In order to optimize a heavily used inner loop (3x3xN tensor convolution in winograd domain), I had some good results by using the maximum amount of neon registers (32) and trying to read as little coefficients/data compared to the number of arithmetic operations.
As expected, the larger kernel outperformed the first approach by some 15-25% on MacBook M1, on iPhones (SE 2020, iPhone 8+) and on Exynos 9820 (Exynos M4, Cortex-A75 micro-architecture). However, to my great surprise the larger kernel was up to 100% slower on Exynos 9611 (Cortex-A73/Cortex-A53).
My first kernels did split the convolution in 4 these kind of loops, each processing two outputs, formed like this (and recombining the accumulators in between).
3c0b50:
ldr q0, [x6] // loads 4 coefficients
ldp q25, q27, [x2] // loads 8 data
ldr q26, [x6, x16] // 4 more coefficients
add x6, x6, #16
subs w19, w19, #1
fmla v23.4s, v25.4s, v0.s[0]
fmla v19.4s, v25.4s, v26.s[0]
fmla v17.4s, v27.4s, v0.s[1]
fmla v18.4s, v27.4s, v26.s[1]
ldp q25, q27, [x2, #32] // 8 more coefficients
add x2, x2, #64
fmla v22.4s, v25.4s, v0.s[2]
fmla v20.4s, v25.4s, v26.s[2]
fmla v24.4s, v27.4s, v0.s[3]
fmla v21.4s, v27.4s, v26.s[3]
b.ne 0x3c0b50
In this variant we have 8 accumulators, 2 registers for data and 4 registers for coefficients, 4 instructions for overhead, 8 instructions for arithmetic and 4 instructions for memory access. The loop count is typically in the order of 8..64.

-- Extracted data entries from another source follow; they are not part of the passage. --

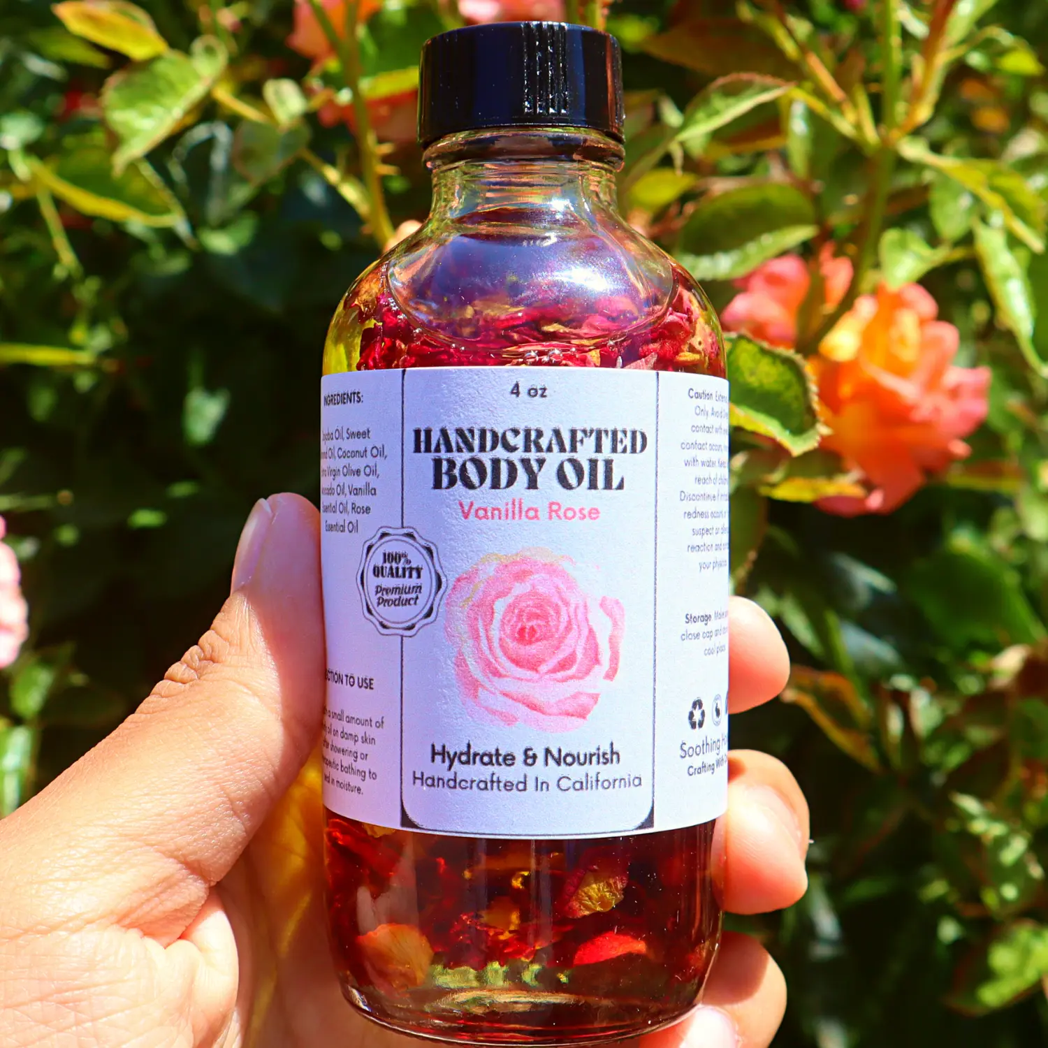 The bottle has rose petals inside cute and smells good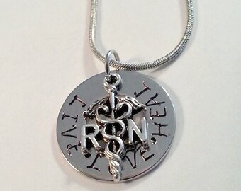 Hand Stamped Live Love Heal RN Necklace ~ Personalized RN Necklace ~ RN Necklace with Birthstone ~ Nursing Graduation Gift ~ Nurse Necklace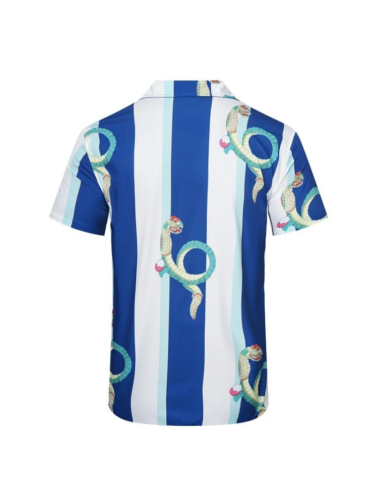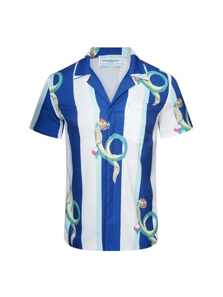 Рубашка Casablanca Short Sleeves Stripes Snakes «Blue White»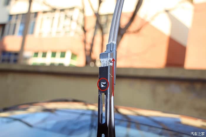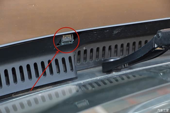 雨刷器附近是玻璃水喷水出,这个是可以调节高度的,可以上下推动,来调节喷水位置。

The second variant has 24 accumulators, 24 instructions for arithmetic, 7 instructions loading from memory and 2 instructions for overhead.
0x3c4110:
ldp q0, q1, [x4], #32
ldp q4, q5, [x5], #32
ldp q6, q7, [x5], #32
fmla v8.4s, v4.4s, v0.s[0]
fmla v9.4s, v4.4s, v0.s[1]
fmla v10.4s, v4.4s, v0.s[2]
ldp q2, q3, [x4], #32
fmla v11.4s, v5.4s, v0.s[3]
fmla v12.4s, v5.4s, v1.s[0]
fmla v13.4s, v5.4s, v1.s[1]
ldp q4, q5, [x5], #32 // reload q4,q5 just after they are consumed
fmla v14.4s, v6.4s, v1.s[2]
fmla v15.4s, v6.4s, v1.s[3]
fmla v16.4s, v6.4s, v2.s[0]
ldp q0, q1, [x4], #32 // reload q0,q1 just after they are consumed
fmla v17.4s, v7.4s, v2.s[1]
fmla v18.4s, v7.4s, v2.s[2]
fmla v19.4s, v7.4s, v2.s[3]
ldp q6, q7, [x5], #32 // reload q6,q7 just after they are consumed
add x3, x3, #1
fmla v20.4s, v4.4s, v3.s[0]
fmla v21.4s, v4.4s, v3.s[1]
fmla v22.4s, v4.4s, v3.s[2]
fmla v23.4s, v5.4s, v3.s[3]
fmla v24.4s, v5.4s, v0.s[0]
fmla v25.4s, v5.4s, v0.s[1]
fmla v26.4s, v6.4s, v0.s[2]
fmla v27.4s, v6.4s, v0.s[3]
fmla v28.4s, v6.4s, v1.s[0]
fmla v29.4s, v7.4s, v1.s[1]
fmla v30.4s, v7.4s, v1.s[2]
fmla v31.4s, v7.4s, v1.s[3]
tbz w3, #11, 0x3c4110
In addition to these inner loops, the undisclosed code initializes the accumulators and performs row and column-wise winograd output transformation (spilling to memory). I do not want to expose all that code, which I hope to be irrelevant to the performance; instead I'm asking if there's something easily spotted problem with the larger kernel making it perform much more inefficiently on the Cortex-A73 processors.
EDIT
What I can spot from the loops is that none of labels are aligned to a cache line. The smaller loop is btw exactly 16 instructions, 64 bytes (or a cache line). The other loop is 33 instructions, with a remote possibility to infer the branch condition from the local temporary data register tbz x5, #??, 0x3c4110
. This would bring the instruction count to 32, removing add x3, x3, #1
. Then it would make sense also to align the loop start to a cache line boundary.
Update
There are some slight improvements found by applying the suggestions in the comments, i.e. reading with ldp q0,q1,[x0], 128; ldp q2,q3,[x0, #-112]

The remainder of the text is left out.